** Opening Provided entries block **

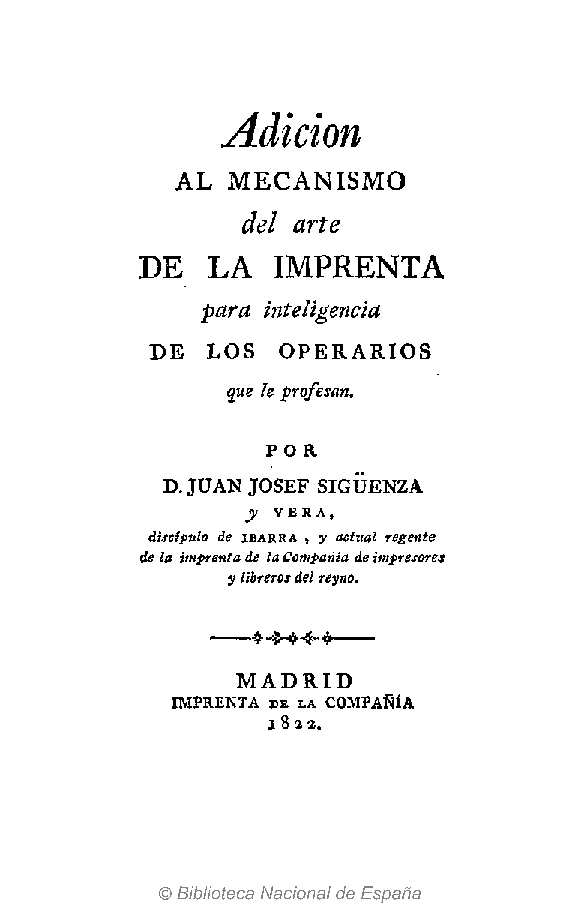 Adicion al mecanismo del arte de la imprenta para inteligencia de los operarios que le profesan.por D. Juan Josef Sigüenza y VeraReal Compañía de Impresoresy Libreros del Reino, 1822
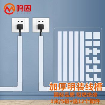 鸣固 PVC线槽 明装明线走线槽网线电线槽方形槽自带背胶30*15加厚款 5米套装 下单送12个配件
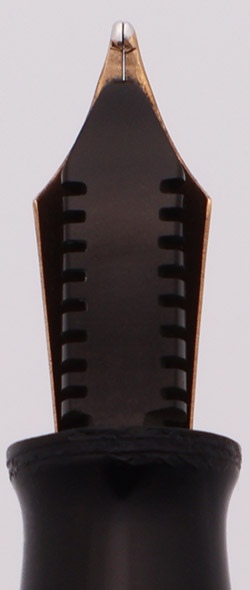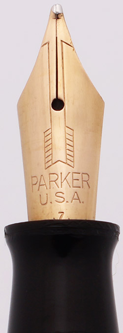 Nib BROAD 14k nib. It is smooth and springy with nice tipping material. The date code on it is a .7., which doesn't match the date on the barrel, but we know it was fairly common to swap out these nibs.
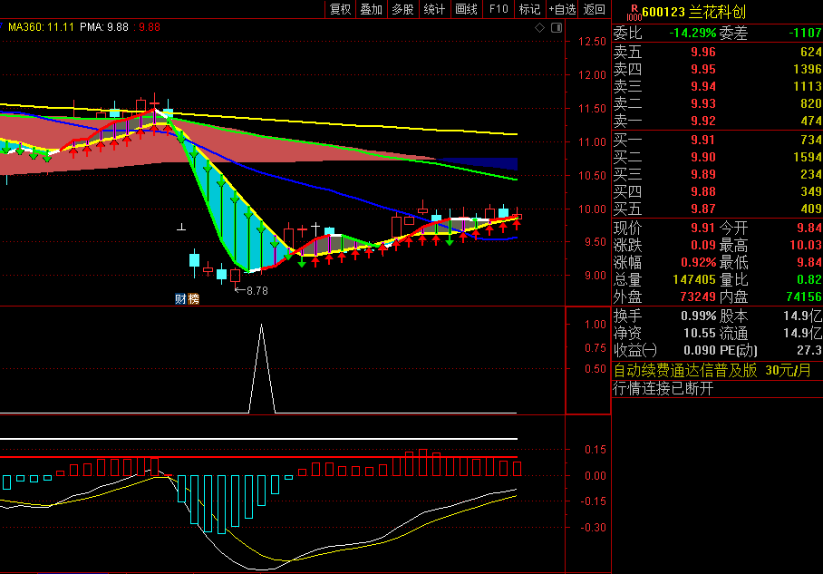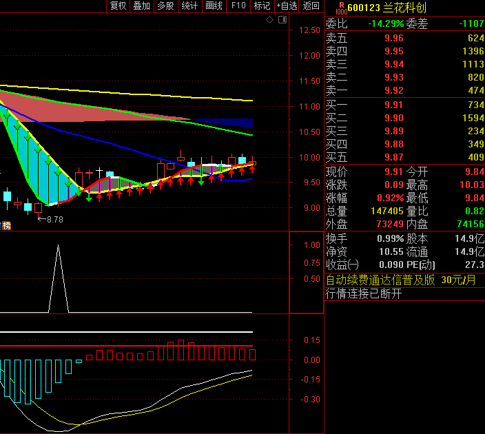 主图分析:主图部分利用MACD指标,结合特定的算法和参数设置,能够准确判断股票的底部和顶部位置。当股票达到入底或入顶条件时,主图会给出明确的信号,为投资者提供买卖点的参考。
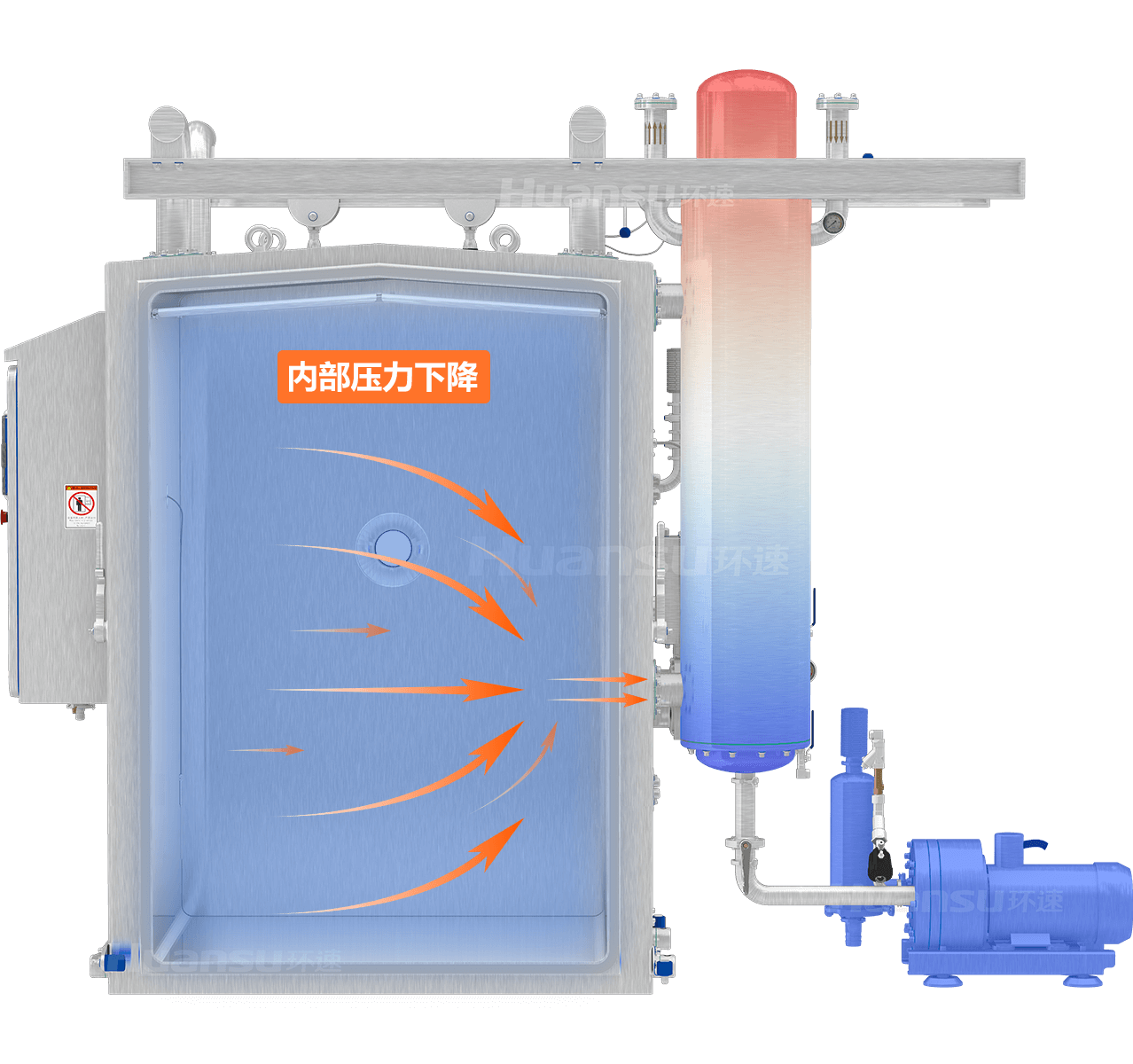 環(huán)速真空冷卻機(jī)運(yùn)用氣壓調(diào)節(jié)原理,通過(guò)降低密閉腔體內(nèi)的氣壓,使鴨脖內(nèi)部水分在低溫狀態(tài)下迅速汽化。這一過(guò)程中,水分汽化吸收大量熱量,實(shí)現(xiàn)鴨脖從內(nèi)到外的均勻降溫,整個(gè)冷卻過(guò)程僅需 3-18分鐘,無(wú)需依賴?yán)涿?,避免了傳統(tǒng)熱交換對(duì)鴨脖品質(zhì)的損傷,最大程度保留產(chǎn)品原始風(fēng)味。
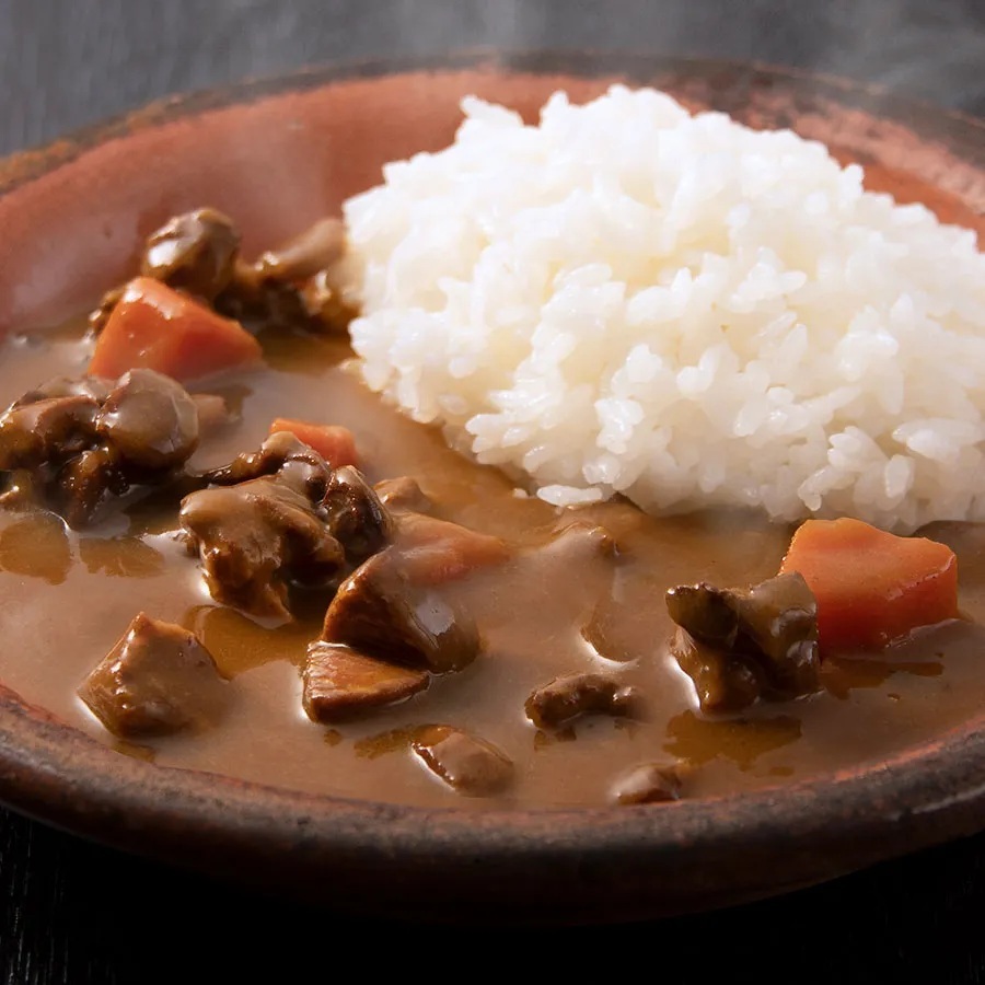 「レトルト猪カレー」は、お子さまも食べられる中辛仕立て。
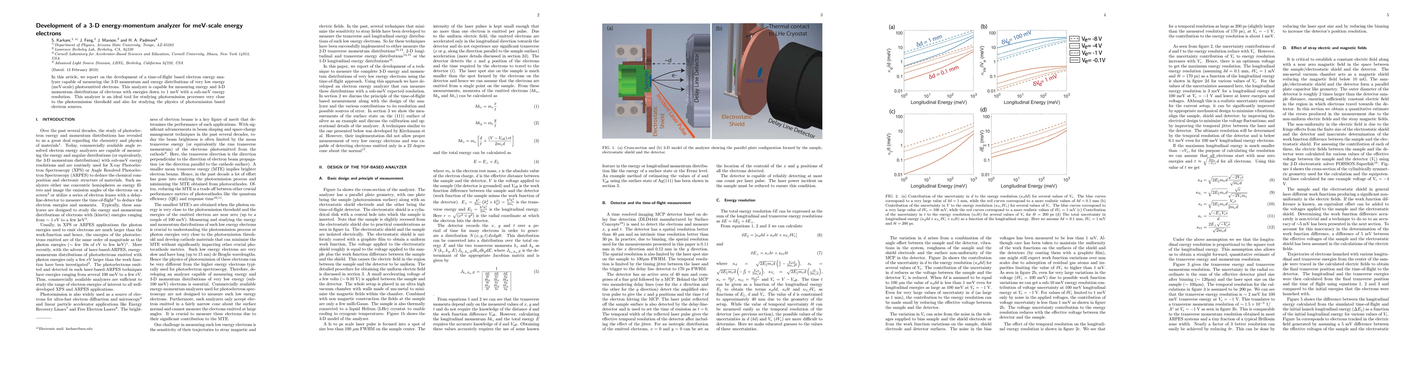 This paper details the creation of a 3-D energy-momentum analyzer for meV-scale electrons, utilizing time-of-flight techniques to measure energy and 3-D momentum distributions with sub-meV resolution, suitable for studying photoemission processes near the threshold.
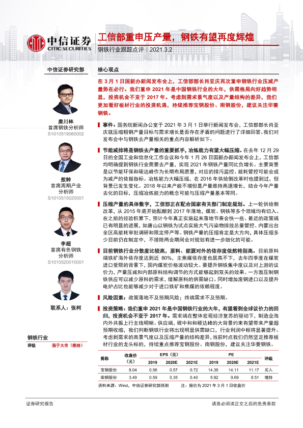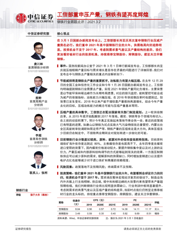【中信证券】【20210302】钢铁行业跟踪点评:工信部重申压产量,钢铁有望再度辉煌-2页
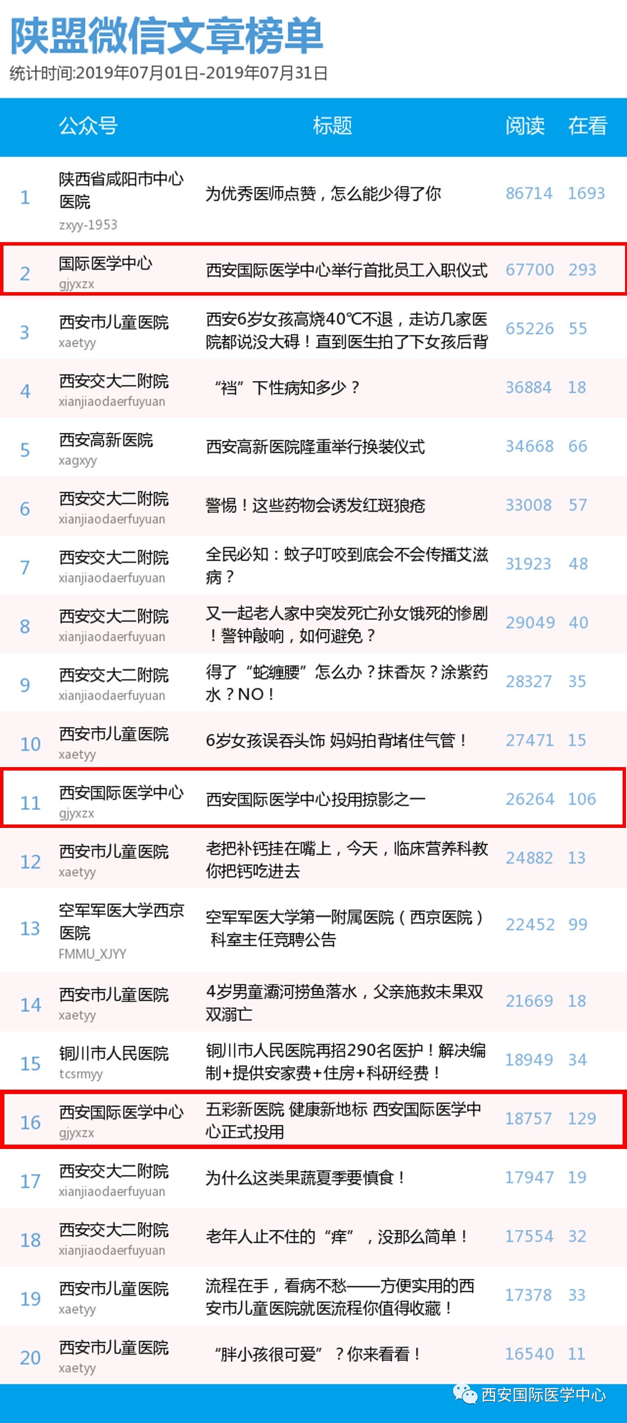 8月2日,中國醫(yī)療自媒體聯(lián)盟陜西分盟醫(yī)療機構(gòu)類微信公眾號7月份排行榜發(fā)布,西安國際醫(yī)學(xué)中心微信公眾號奪得醫(yī)療機構(gòu)類榜單第2名,高居“榜眼”。在陜西醫(yī)療自媒體聯(lián)盟的推薦下,西安國際醫(yī)學(xué)中心順利進入今日頭條號(醫(yī)療機構(gòu)),微信文章將同步刊登到今日頭條。
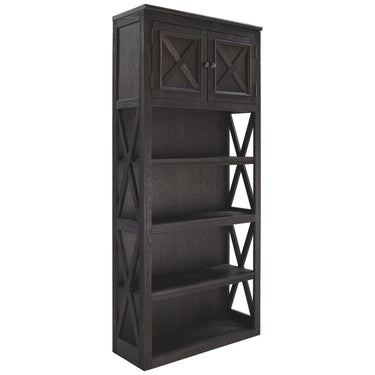 Shabby chic with a hint of down home country is what gives this large bookcase standout style. Appealing to today's more relaxed sensibilities, it's got a richly rustic, textured black finish for an easy-elegant aesthetic. Trio of roomy shelves and double door cabinet with shelved storage put office essentials well within reach.
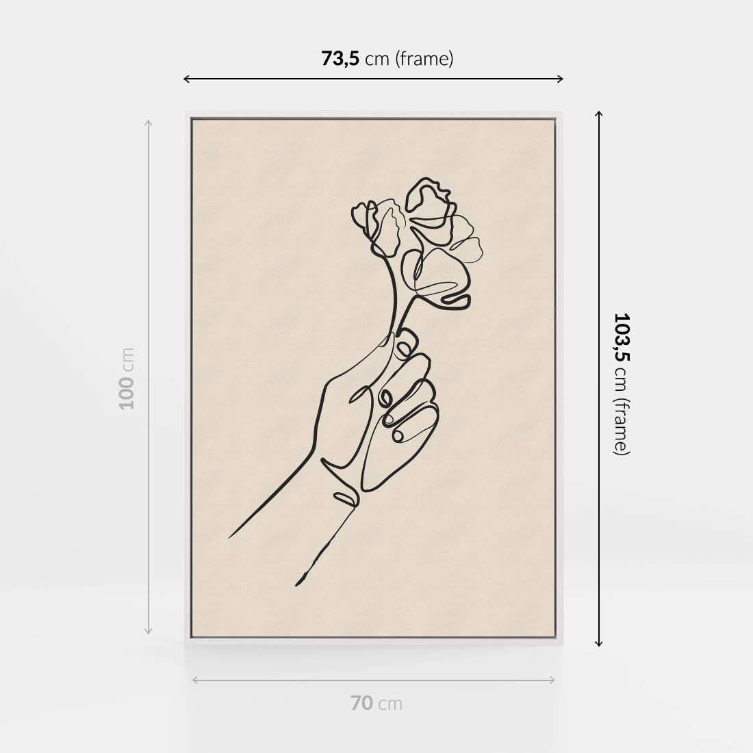 Obraz w ramie 70x100 - Szkic Kwiatu - kwiat w dłoni, szkic - rama biała
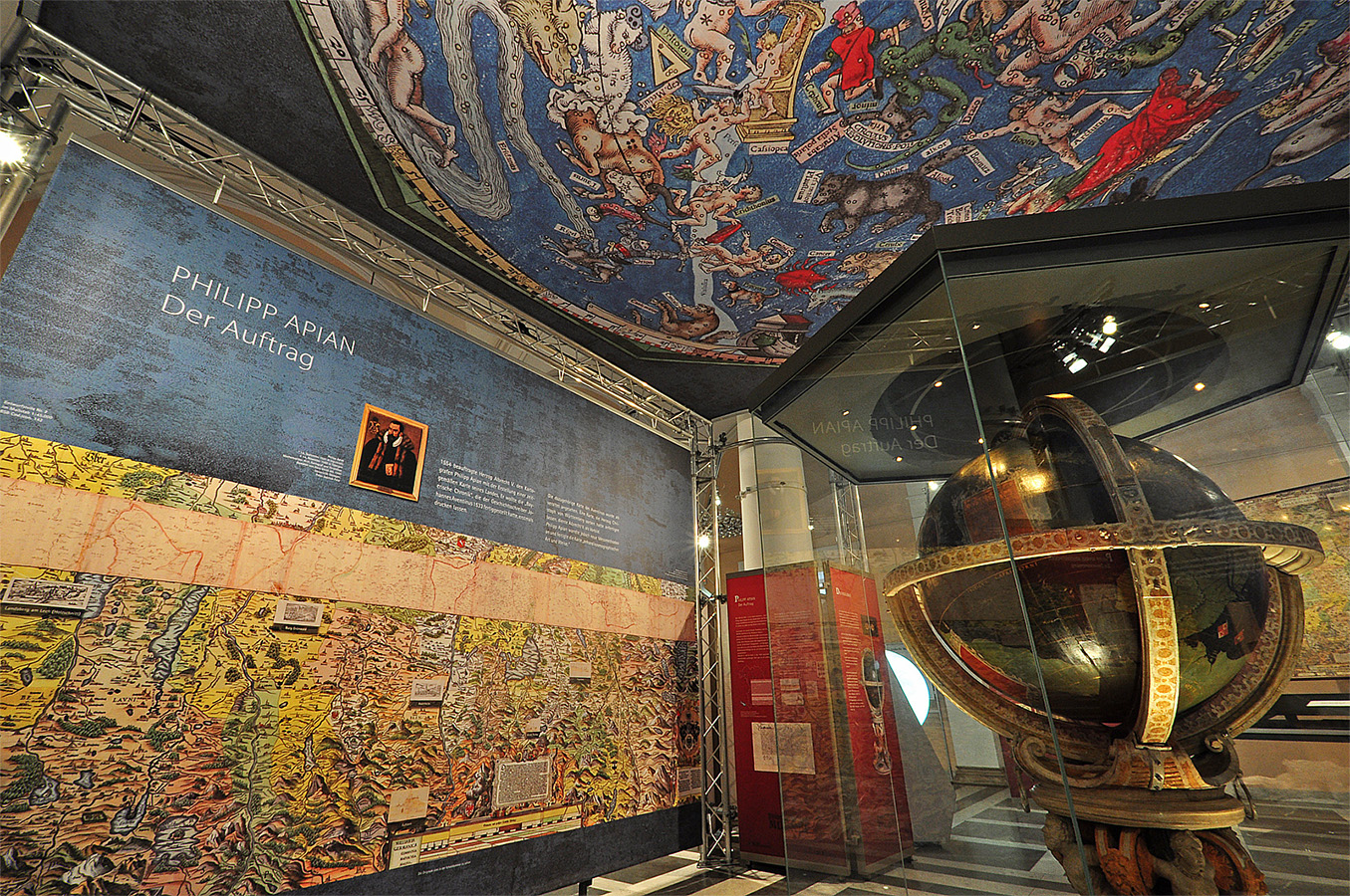 links: Ölbild mit Goldrahmen. Halbfigur Philipp Apian von 1590 in zeitgenössischem Gelehrtengewand: schwarzer Talar mit Pelzkragen und Halskrause aus weißem gestärktem Leinen. Apian hält ein Buch in der linken Hand. Schriftzug oben rechts: Philippus Apianus Medinicinae Doctores et Professor Mathem 1590. links oben: Wappen, das mit dem Bild der Großen Karte zusammenhängt. Rechts: Philipp Apians Große Karte hängend über dem Treppenhaus der Ausstellung.

** Closing Provided entries block **

- Exercise:
In the records above, find the line with "環(huán)速真空冷卻機(jī)運(y" and the line with "8月2日,中國醫(yī)療自". Write out exactly those lines and every one between, with no pictures and no other lines.

- Task output:
 環(huán)速真空冷卻機(jī)運(yùn)用氣壓調(diào)節(jié)原理,通過(guò)降低密閉腔體內(nèi)的氣壓,使鴨脖內(nèi)部水分在低溫狀態(tài)下迅速汽化。這一過(guò)程中,水分汽化吸收大量熱量,實(shí)現(xiàn)鴨脖從內(nèi)到外的均勻降溫,整個(gè)冷卻過(guò)程僅需 3-18分鐘,無(wú)需依賴?yán)涿?,避免了傳統(tǒng)熱交換對(duì)鴨脖品質(zhì)的損傷,最大程度保留產(chǎn)品原始風(fēng)味。
 「レトルト猪カレー」は、お子さまも食べられる中辛仕立て。
 This paper details the creation of a 3-D energy-momentum analyzer for meV-scale electrons, utilizing time-of-flight techniques to measure energy and 3-D momentum distributions with sub-meV resolution, suitable for studying photoemission processes near the threshold.
【中信证券】【20210302】钢铁行业跟踪点评:工信部重申压产量,钢铁有望再度辉煌-2页
 8月2日,中國醫(yī)療自媒體聯(lián)盟陜西分盟醫(yī)療機構(gòu)類微信公眾號7月份排行榜發(fā)布,西安國際醫(yī)學(xué)中心微信公眾號奪得醫(yī)療機構(gòu)類榜單第2名,高居“榜眼”。在陜西醫(yī)療自媒體聯(lián)盟的推薦下,西安國際醫(yī)學(xué)中心順利進入今日頭條號(醫(yī)療機構(gòu)),微信文章將同步刊登到今日頭條。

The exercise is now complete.